### Material provided
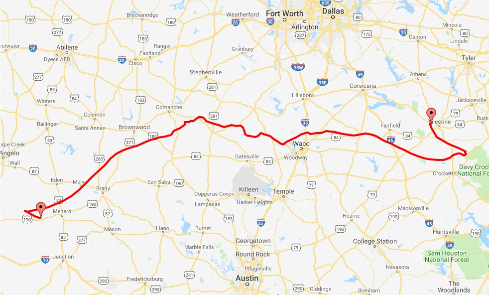 Landing site: 37 nautic miles SE of San Angelo, Texas, US
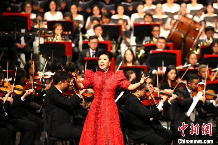 中国女高音演唱家王丽达在中国爱乐乐团大型交响乐会现场演唱。中新社记者刘占昆 摄
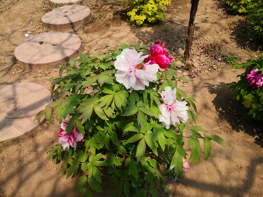 走到这里,古建筑也就参观完毕了,继续往前走还有很大园区,但都是现代修建的景观了,没什么可看的,不过这个时节恰逢里面有一大片牡丹花盛开,倒也是一景,其中一株牡丹上开出三种花色,着实惊艳。
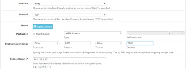 Stel, je hebt op een systeem binnen je netwerk een webserver draaien op poort 8000, dan maak je deze instellingen: Interface – WAN, Protocol – TCP, Destination – WAN address, Destination Port Range from Port other / 8000 To port other / 8000. Bij Redirect target IP vul je het interne IP-adres van je webserver in (bijvoorbeeld 192.168.1.101) en Redirect target Port geef je Other / 8000 mee. Nog even een geschikte beschrijving invullen en opslaan.

### Problem details
With pictures excluded, restate word for word the lines from the one that contains "走到这里,古建筑也就参观完毕" through the end of the material, inclusive, and nothing more.

### Result of this exercise
 走到这里,古建筑也就参观完毕了,继续往前走还有很大园区,但都是现代修建的景观了,没什么可看的,不过这个时节恰逢里面有一大片牡丹花盛开,倒也是一景,其中一株牡丹上开出三种花色,着实惊艳。
 Stel, je hebt op een systeem binnen je netwerk een webserver draaien op poort 8000, dan maak je deze instellingen: Interface – WAN, Protocol – TCP, Destination – WAN address, Destination Port Range from Port other / 8000 To port other / 8000. Bij Redirect target IP vul je het interne IP-adres van je webserver in (bijvoorbeeld 192.168.1.101) en Redirect target Port geef je Other / 8000 mee. Nog even een geschikte beschrijving invullen en opslaan.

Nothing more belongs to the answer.